WHAT YOU NEED TO DO -
Your task is to restate word for word the lines in the material below, from the one with "MP σετ χρωματιστών" up to and including the one with "ブラジャー ヒートテック あったか". Do not carry over the pictures.

EXTRACTED INFORMATION -
▬▬▬▬▬▬
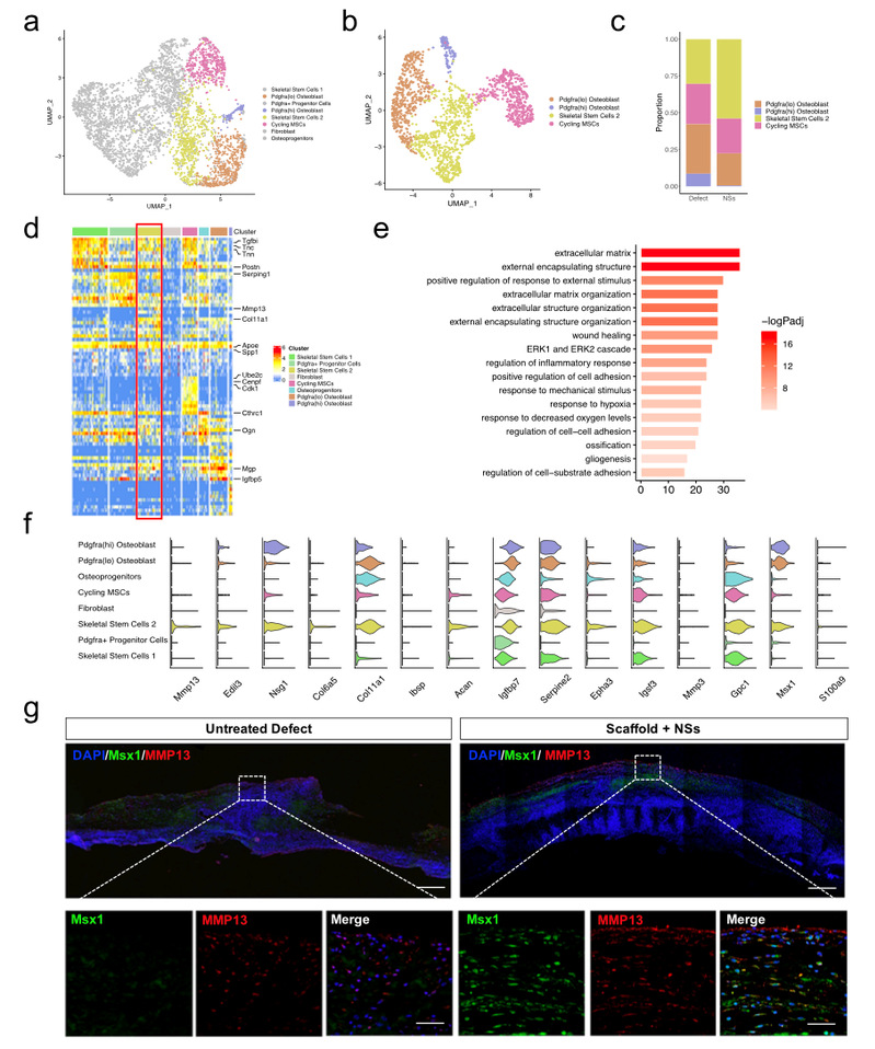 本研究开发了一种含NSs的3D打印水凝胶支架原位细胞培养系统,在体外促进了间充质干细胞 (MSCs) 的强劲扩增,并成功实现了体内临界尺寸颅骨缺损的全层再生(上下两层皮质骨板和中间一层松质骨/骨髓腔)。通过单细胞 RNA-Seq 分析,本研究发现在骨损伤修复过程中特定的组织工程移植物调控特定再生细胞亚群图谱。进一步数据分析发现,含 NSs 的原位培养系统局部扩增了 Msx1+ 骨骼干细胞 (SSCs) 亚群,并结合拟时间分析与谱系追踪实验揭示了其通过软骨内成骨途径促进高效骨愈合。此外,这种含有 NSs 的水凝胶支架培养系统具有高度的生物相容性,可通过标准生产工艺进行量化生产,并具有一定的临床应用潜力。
▬▬▬▬▬▬
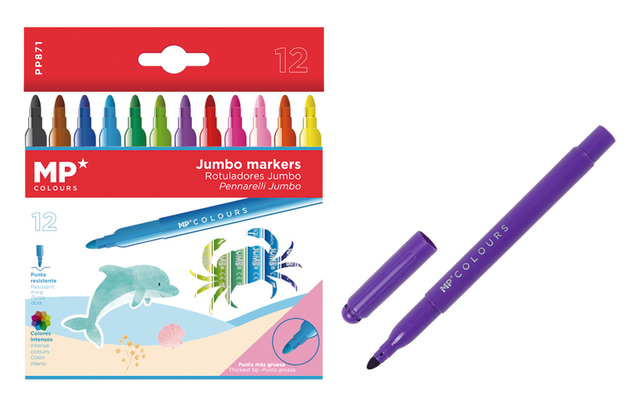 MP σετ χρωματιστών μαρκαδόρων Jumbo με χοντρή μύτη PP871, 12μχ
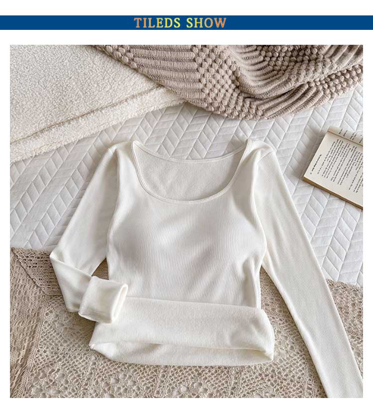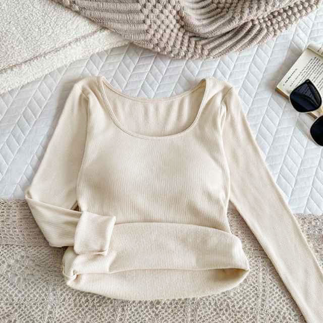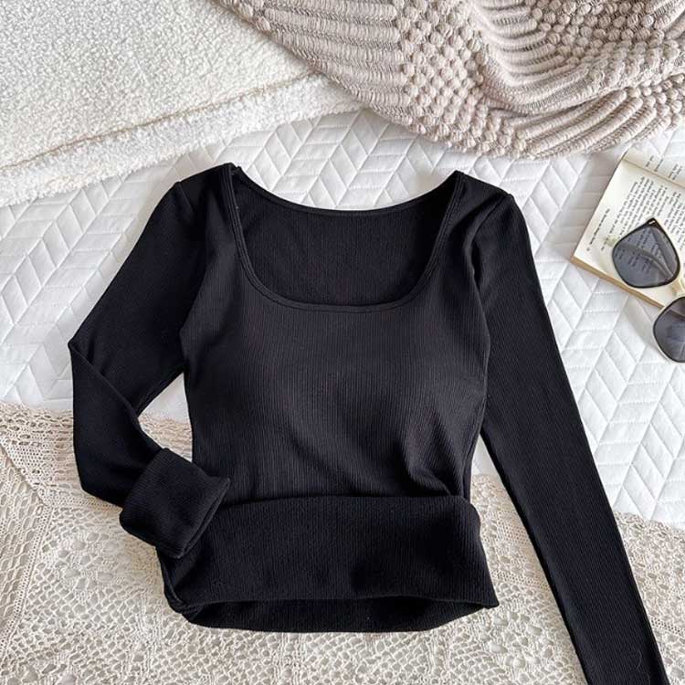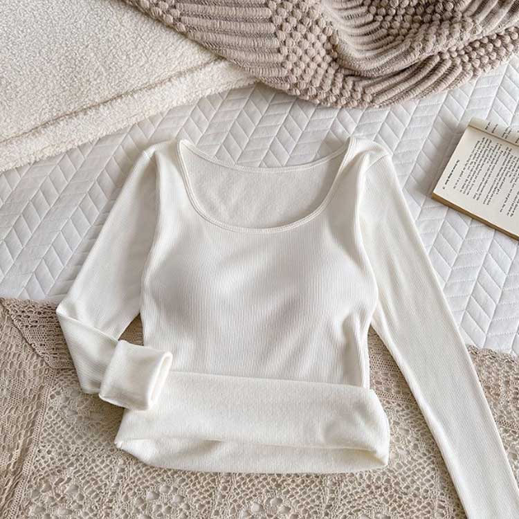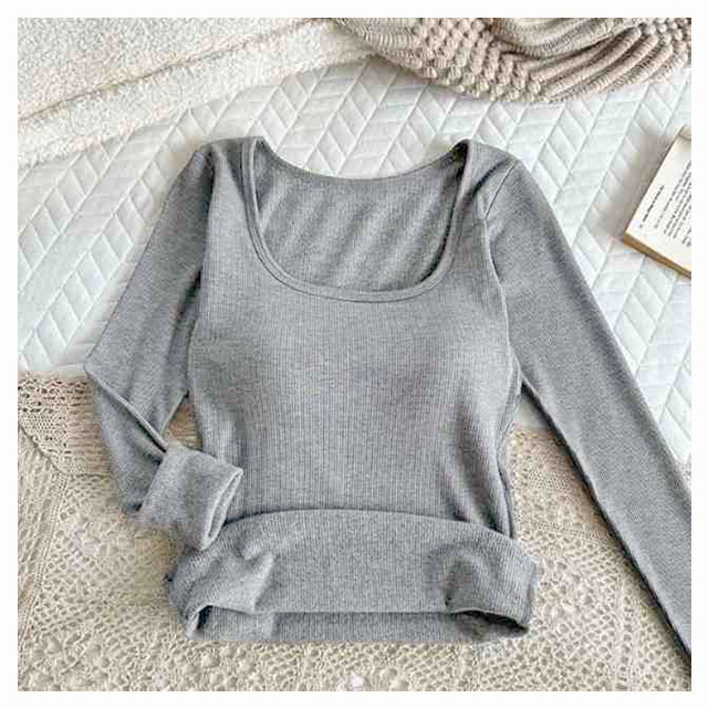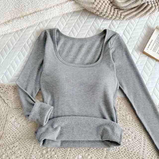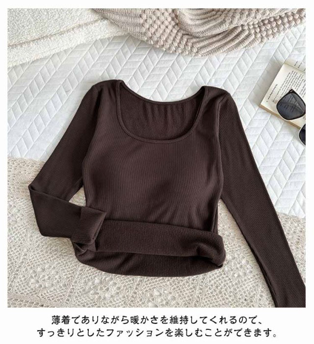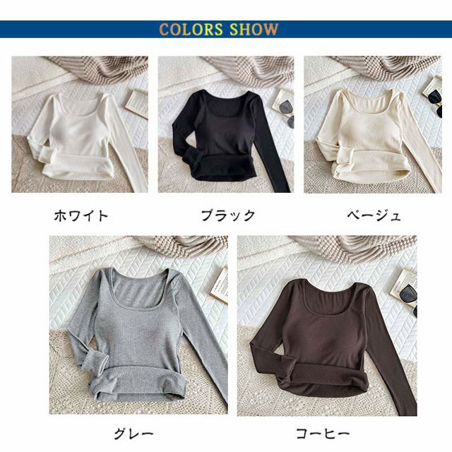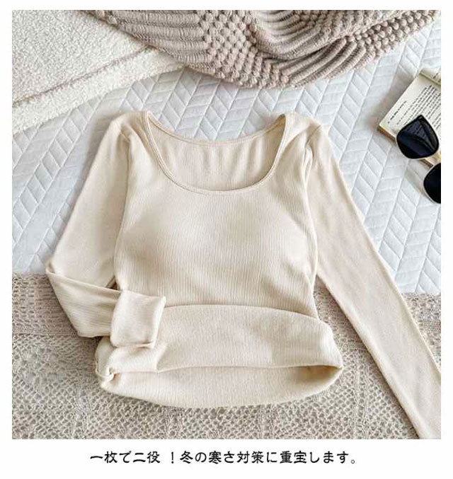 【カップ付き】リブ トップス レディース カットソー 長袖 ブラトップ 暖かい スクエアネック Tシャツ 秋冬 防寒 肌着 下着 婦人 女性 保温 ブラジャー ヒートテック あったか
▬▬▬▬▬▬
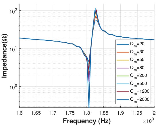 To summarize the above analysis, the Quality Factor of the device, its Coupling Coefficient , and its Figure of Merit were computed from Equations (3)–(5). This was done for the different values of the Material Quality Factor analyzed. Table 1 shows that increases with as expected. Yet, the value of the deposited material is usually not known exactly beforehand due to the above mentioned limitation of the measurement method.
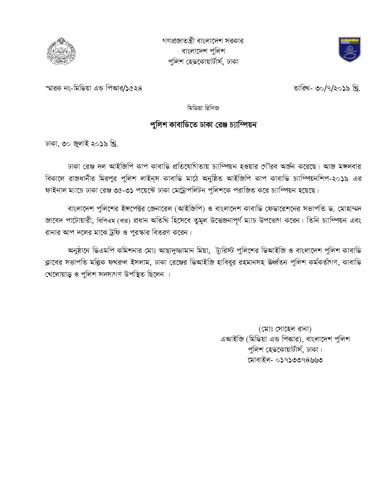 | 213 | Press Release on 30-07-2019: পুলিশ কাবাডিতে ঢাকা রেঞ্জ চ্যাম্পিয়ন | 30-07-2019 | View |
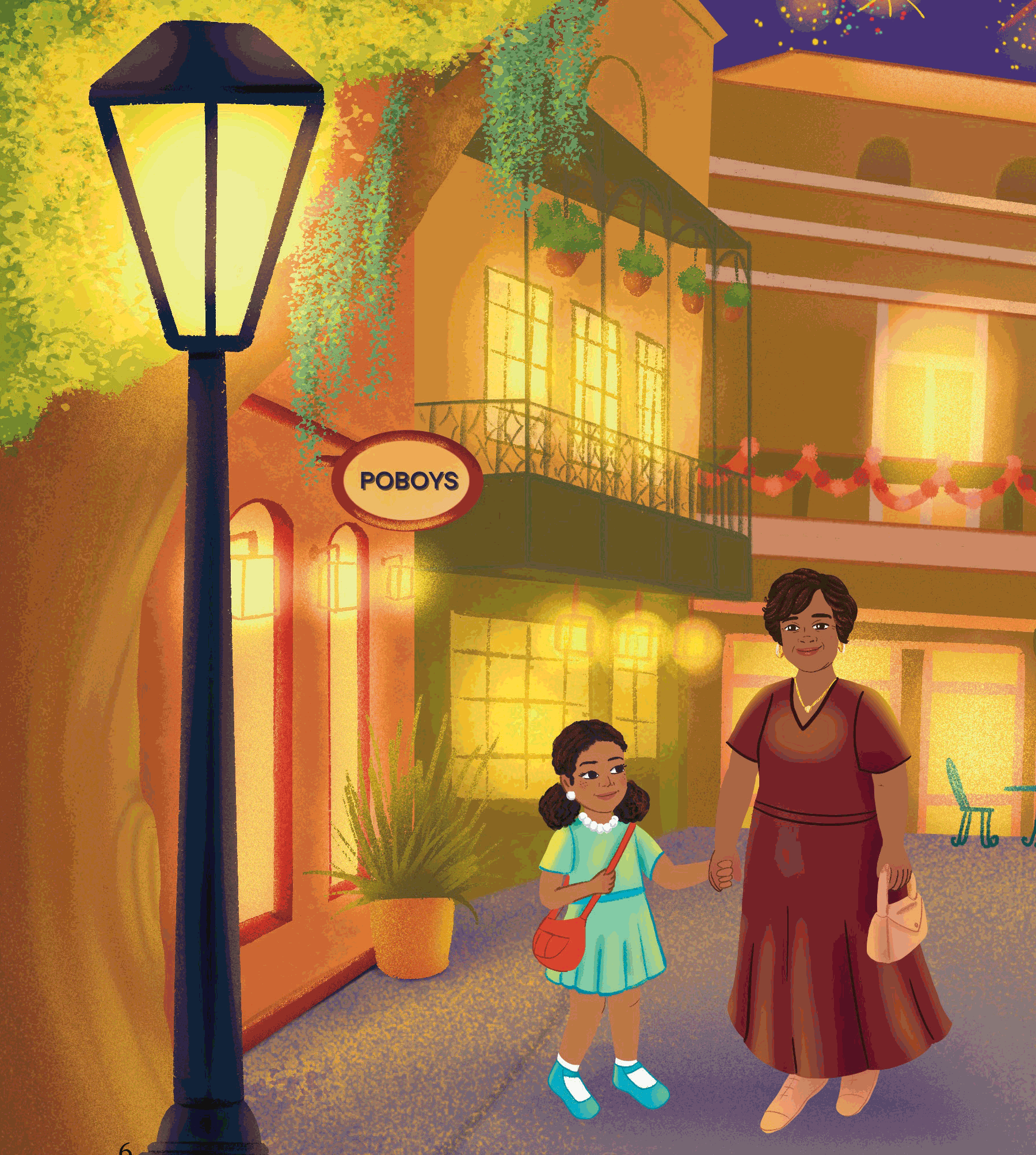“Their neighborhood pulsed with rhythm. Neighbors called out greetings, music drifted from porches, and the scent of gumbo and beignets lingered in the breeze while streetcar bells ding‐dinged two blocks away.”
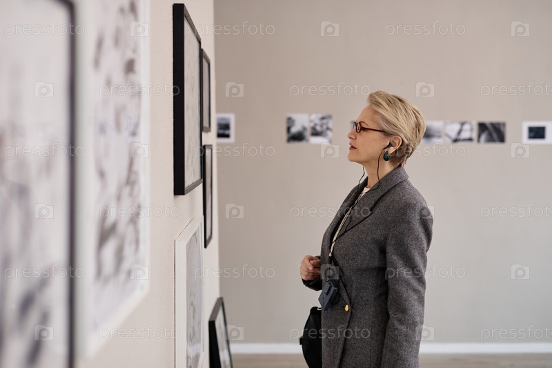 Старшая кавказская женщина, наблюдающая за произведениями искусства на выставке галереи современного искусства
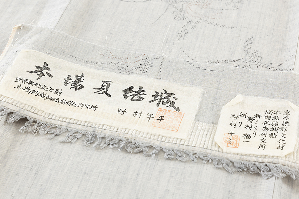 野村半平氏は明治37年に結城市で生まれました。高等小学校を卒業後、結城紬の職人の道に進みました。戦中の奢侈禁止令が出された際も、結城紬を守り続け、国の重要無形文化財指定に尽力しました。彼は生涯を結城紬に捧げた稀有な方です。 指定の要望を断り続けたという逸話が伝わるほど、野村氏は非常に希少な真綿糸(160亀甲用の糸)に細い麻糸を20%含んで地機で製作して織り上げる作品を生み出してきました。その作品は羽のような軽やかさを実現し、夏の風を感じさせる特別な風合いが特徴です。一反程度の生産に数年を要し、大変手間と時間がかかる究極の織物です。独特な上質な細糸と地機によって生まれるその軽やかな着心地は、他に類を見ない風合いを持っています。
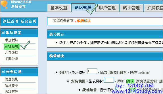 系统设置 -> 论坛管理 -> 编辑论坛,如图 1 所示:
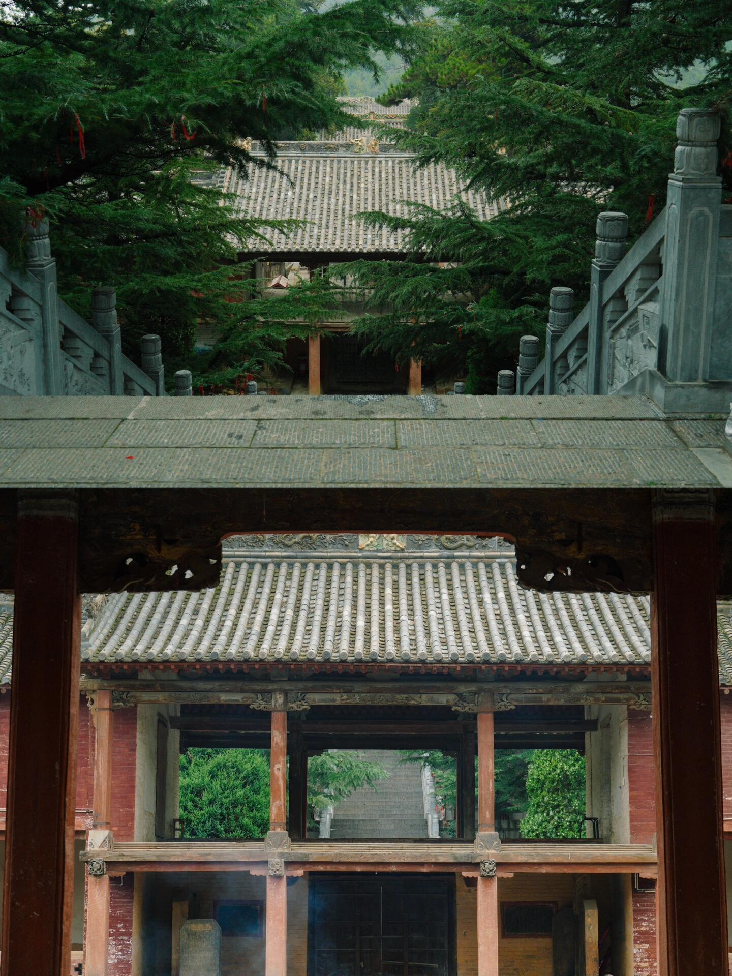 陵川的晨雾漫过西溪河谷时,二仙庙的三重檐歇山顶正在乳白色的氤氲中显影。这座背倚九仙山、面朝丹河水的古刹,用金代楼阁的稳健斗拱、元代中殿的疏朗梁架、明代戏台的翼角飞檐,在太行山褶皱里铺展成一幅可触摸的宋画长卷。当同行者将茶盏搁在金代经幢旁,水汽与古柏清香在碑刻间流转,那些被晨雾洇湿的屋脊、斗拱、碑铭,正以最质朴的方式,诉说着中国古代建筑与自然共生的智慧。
▬▬▬▬▬▬
REPLY TO THE EXERCISE -
 MP σετ χρωματιστών μαρκαδόρων Jumbo με χοντρή μύτη PP871, 12μχ
 【カップ付き】リブ トップス レディース カットソー 長袖 ブラトップ 暖かい スクエアネック Tシャツ 秋冬 防寒 肌着 下着 婦人 女性 保温 ブラジャー ヒートテック あったか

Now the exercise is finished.